**Your goal**
Output each record below exactly. No images go in the copy.
*** Opening Dataset records ***
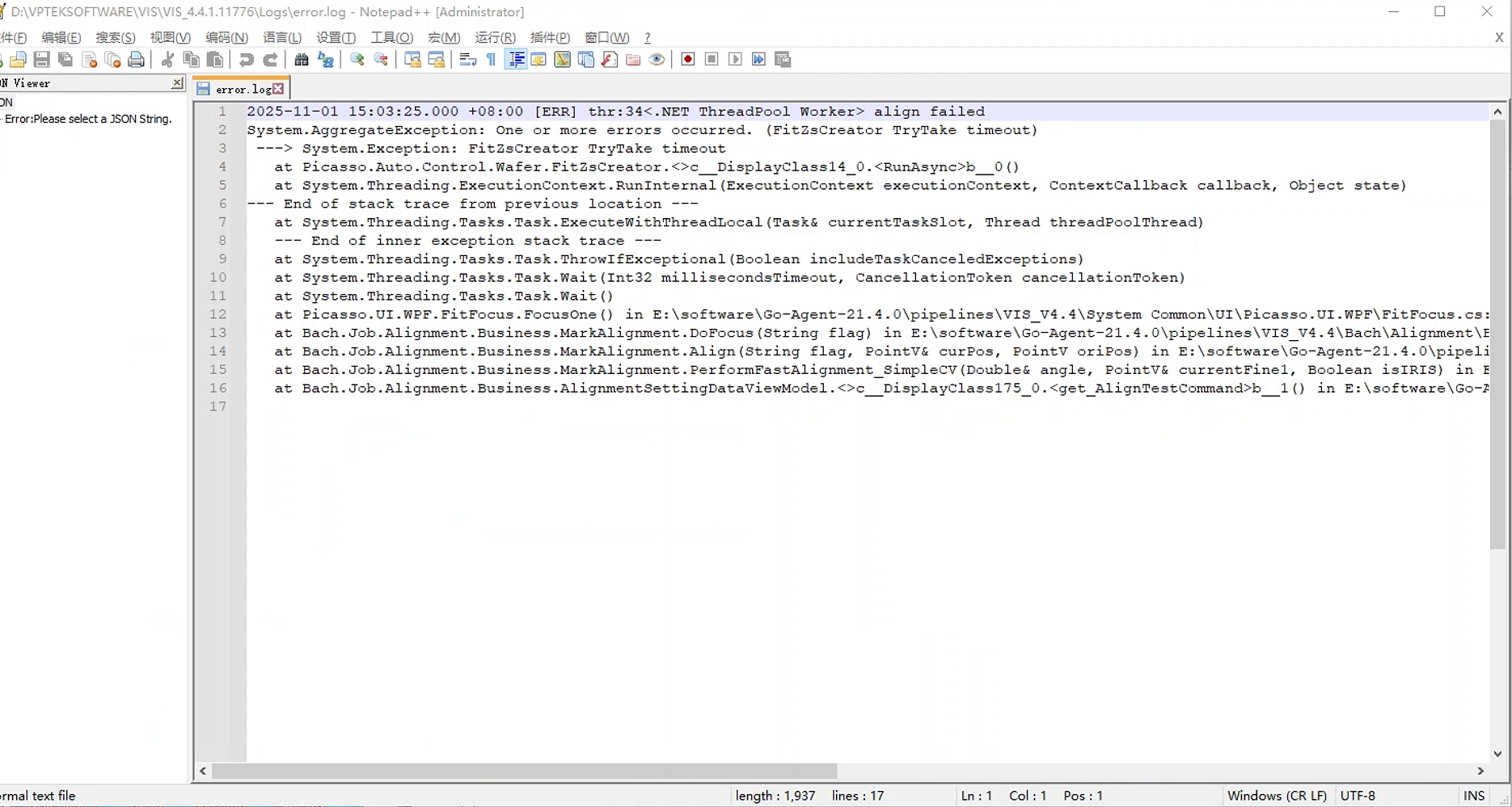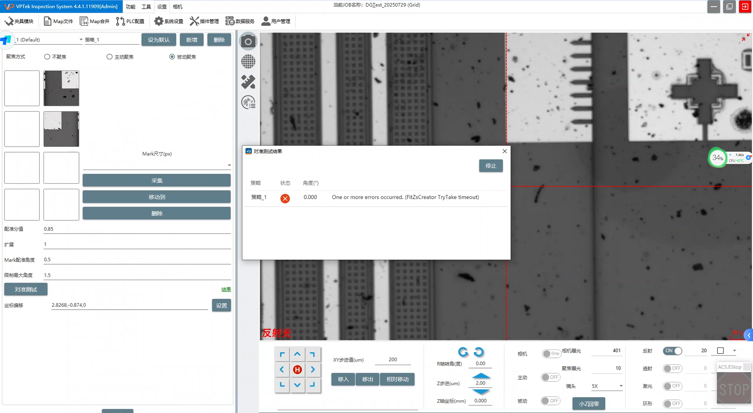 打开对准的时候选择被动聚焦(硬触发),会有超时报错(VIS4.4.1.11909)
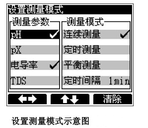 “設(shè)置測量模式”:設(shè)置當(dāng)前的測量模式(連續(xù)測量模式、定時測量模式、平衡測量模式或者離子濃度測量模式)以及需要測量的測量參數(shù);“設(shè)置離子模式”:用戶更換當(dāng)前的離子模式,比如從測量 Cl-改變?yōu)闇y量 F-;
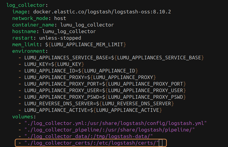 Remember to replace the VA_VERSION with the string extracted in step 3.5. Add a new volume mapping to your new certificate path from step 3 by editing your docker-compose.yml file. Look for the volumes section under the log_collector configuration block. This block looks as follows:
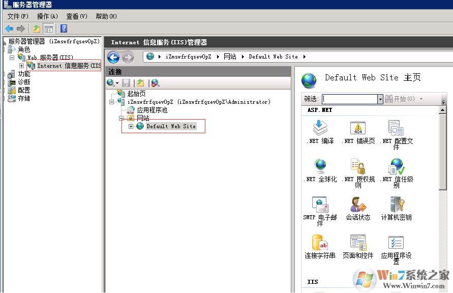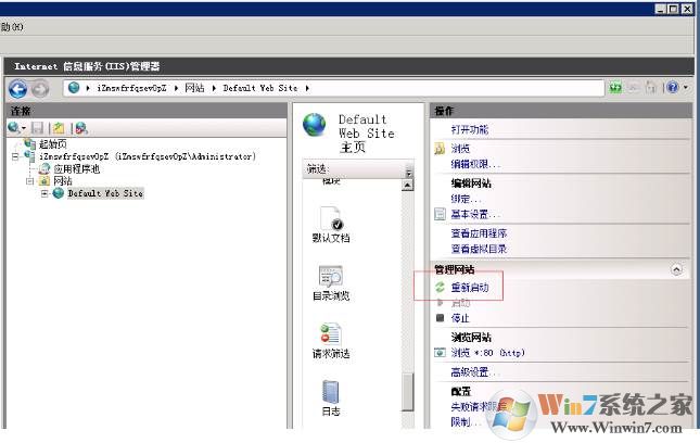 1.服務(wù)器管理器-->角色-->Web服務(wù)器-->Internet信息服務(wù)-->iZmswfrfqsevOpZ-->網(wǎng)站-->選中現(xiàn)在所運(yùn)行的網(wǎng)站 Default Web Site
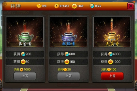 试炼场可以“拜神”获得境界及功力,拜神分为3个级别,分别为“长生香”(消耗1000铜钱获得200功力50境界)、“献瑞香”(消耗20元宝获得600功力、150境界)、“天真香”(消耗100元宝获得4000功力1000境界)。
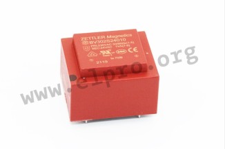 Transformers with an EI30 core and 1VA. These devices are short circuit proof and comply with temperature resistance class Ta 70/B. They are suitable for PCB mounting and are rated for and operating temperature of up to +70°C. We offer the following types of this Zettler series: BV302S06010, BV302S09010, BV302S12010, BV302S15010, BV302S18010 and BV302S24010.
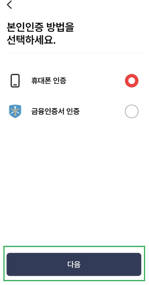 📌 휴대폰 인증 또는 금융인증서를 활용하여 본인이 편한 방식대로 본인인증을 완료한다
*** Closing Dataset records ***
**Exercise response**
 打开对准的时候选择被动聚焦(硬触发),会有超时报错(VIS4.4.1.11909)
 “設(shè)置測量模式”:設(shè)置當(dāng)前的測量模式(連續(xù)測量模式、定時測量模式、平衡測量模式或者離子濃度測量模式)以及需要測量的測量參數(shù);“設(shè)置離子模式”:用戶更換當(dāng)前的離子模式,比如從測量 Cl-改變?yōu)闇y量 F-;
 Remember to replace the VA_VERSION with the string extracted in step 3.5. Add a new volume mapping to your new certificate path from step 3 by editing your docker-compose.yml file. Look for the volumes section under the log_collector configuration block. This block looks as follows:
 1.服務(wù)器管理器-->角色-->Web服務(wù)器-->Internet信息服務(wù)-->iZmswfrfqsevOpZ-->網(wǎng)站-->選中現(xiàn)在所運(yùn)行的網(wǎng)站 Default Web Site
 试炼场可以“拜神”获得境界及功力,拜神分为3个级别,分别为“长生香”(消耗1000铜钱获得200功力50境界)、“献瑞香”(消耗20元宝获得600功力、150境界)、“天真香”(消耗100元宝获得4000功力1000境界)。
 Transformers with an EI30 core and 1VA. These devices are short circuit proof and comply with temperature resistance class Ta 70/B. They are suitable for PCB mounting and are rated for and operating temperature of up to +70°C. We offer the following types of this Zettler series: BV302S06010, BV302S09010, BV302S12010, BV302S15010, BV302S18010 and BV302S24010.
 📌 휴대폰 인증 또는 금융인증서를 활용하여 본인이 편한 방식대로 본인인증을 완료한다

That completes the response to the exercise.